Ellen Smith’s had rural beginnings with Littleborough farmers Ellen Gibson and Lund Smith. Alongside selling farm produce or carrying out local removals in covered vans, they opened in 1900 a horse-drawn haulage business. On Lund Smith’s death in 1907 Ellen took up the reins of the business with her three sons and soon were stripping lorries and adapting them for passenger transport, promoting themselves as ‘Luxury coaching at its best.’
By 1911 Ellen Smith’s was operating nationally as a charabanc service, Gracie Fields remembering as a child of 13 taking their coach on a trip to Torquay. By the 1920’s the company was running Leyland M-type charabancs to Eastbourne, and by 1925 ‘chara parties’ had become all the rage in Ellen Smith’s purpose-built 26-seater bodies built by Jack Crabtree (in one week) over a Leyland Lioness chassis. At that time, Ellen Smith’s garage and lean-to office stood at Wardleworth just before Heybrook School (now the site of the ATS Euromaster garage) later operating sales and ticketing from their familiar town centre booking office in Newgate.
With their white coaches with red piping and leaping tiger symbol, Ellen Smith’s coaches were part of the Rochdale scene for many years. Their fleet consisted initially of Lioness coaches, then Leyland Tigers from 1931 by which time they were running to almost 150 destinations as well as school trips, football and rugby excursions.
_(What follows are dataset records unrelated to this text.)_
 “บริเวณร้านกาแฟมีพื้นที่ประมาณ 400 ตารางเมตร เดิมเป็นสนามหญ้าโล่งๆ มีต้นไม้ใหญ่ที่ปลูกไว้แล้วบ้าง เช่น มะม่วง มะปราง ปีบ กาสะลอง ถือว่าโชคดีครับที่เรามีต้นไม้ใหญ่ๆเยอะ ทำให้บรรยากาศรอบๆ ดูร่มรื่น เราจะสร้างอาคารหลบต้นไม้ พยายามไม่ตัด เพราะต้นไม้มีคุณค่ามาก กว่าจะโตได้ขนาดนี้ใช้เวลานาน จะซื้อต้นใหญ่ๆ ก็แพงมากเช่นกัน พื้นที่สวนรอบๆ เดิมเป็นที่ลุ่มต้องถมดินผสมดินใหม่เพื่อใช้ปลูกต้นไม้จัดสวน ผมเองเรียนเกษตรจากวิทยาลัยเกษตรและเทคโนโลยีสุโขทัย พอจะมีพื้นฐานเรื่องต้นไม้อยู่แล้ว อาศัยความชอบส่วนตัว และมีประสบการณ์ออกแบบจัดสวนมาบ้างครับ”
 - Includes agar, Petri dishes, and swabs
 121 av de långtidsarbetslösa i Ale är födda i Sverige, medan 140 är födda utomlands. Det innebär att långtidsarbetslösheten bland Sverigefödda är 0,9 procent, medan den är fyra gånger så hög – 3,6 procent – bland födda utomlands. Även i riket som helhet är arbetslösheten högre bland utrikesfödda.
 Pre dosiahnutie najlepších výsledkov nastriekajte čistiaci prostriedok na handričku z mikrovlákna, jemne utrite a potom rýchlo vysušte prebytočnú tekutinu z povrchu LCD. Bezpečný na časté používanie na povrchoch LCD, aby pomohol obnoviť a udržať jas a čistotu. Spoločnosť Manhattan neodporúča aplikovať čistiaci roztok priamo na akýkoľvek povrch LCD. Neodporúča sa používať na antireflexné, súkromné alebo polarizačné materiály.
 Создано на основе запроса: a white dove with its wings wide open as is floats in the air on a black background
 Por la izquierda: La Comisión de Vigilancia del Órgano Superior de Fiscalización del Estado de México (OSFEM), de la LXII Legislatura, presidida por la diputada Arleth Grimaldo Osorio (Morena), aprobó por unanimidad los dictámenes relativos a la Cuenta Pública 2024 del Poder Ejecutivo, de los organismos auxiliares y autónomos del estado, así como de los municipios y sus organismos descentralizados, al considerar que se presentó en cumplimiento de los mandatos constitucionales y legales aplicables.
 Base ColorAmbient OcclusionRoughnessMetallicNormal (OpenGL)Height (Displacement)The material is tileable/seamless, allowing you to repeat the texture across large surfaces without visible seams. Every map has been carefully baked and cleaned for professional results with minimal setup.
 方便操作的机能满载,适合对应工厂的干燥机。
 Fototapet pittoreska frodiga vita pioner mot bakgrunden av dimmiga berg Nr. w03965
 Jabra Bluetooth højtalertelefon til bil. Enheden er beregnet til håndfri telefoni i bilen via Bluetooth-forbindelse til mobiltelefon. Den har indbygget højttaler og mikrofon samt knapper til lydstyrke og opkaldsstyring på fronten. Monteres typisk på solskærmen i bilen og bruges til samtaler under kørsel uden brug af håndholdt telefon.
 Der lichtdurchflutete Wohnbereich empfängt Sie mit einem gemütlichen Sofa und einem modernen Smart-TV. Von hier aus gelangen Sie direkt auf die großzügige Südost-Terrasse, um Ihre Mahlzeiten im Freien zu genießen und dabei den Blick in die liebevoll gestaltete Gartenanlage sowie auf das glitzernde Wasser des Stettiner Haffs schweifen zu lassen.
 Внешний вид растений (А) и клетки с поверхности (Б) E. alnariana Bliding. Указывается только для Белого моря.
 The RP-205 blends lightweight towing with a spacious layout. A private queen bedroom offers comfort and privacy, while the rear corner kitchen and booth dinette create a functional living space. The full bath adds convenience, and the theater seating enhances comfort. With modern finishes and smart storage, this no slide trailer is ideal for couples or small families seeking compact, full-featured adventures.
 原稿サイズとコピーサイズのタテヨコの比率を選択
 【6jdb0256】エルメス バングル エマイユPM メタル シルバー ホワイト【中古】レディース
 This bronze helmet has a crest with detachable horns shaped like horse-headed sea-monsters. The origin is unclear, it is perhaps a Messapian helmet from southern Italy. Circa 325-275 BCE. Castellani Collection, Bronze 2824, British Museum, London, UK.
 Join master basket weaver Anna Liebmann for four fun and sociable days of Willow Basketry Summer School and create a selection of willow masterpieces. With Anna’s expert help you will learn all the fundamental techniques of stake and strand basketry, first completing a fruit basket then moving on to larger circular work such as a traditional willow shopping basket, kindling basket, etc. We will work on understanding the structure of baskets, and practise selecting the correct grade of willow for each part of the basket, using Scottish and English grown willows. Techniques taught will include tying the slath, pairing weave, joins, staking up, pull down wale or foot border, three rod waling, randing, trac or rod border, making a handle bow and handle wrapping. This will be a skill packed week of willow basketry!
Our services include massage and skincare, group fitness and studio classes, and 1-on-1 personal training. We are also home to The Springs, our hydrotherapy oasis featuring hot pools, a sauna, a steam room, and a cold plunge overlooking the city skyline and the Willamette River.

World War II saw Ellen Smith’s coaches requisitioned for such prisoner of war transport as taking Italians to help build Kirkholt estate, but into the 1950’s with the new Leyland Worldmaster coach the company set itself a long-term future into the 1990’s with a bigger fleet across more services. However, in 1991 Ellen Smith’s (Tours) was sold and operated as a subsidiary of Rossendale Transport Ltd (later Coachways Ltd) at which point the last two Smiths – Eric and Marjorie – decided to retire.
Rochdale people owe much to the initially homely and primitive but latterly luxurious coach services which Yelloway and Ellen Smith’s have provided. Generations have known the excursions across the country and with affection associated the town with their familiar livery.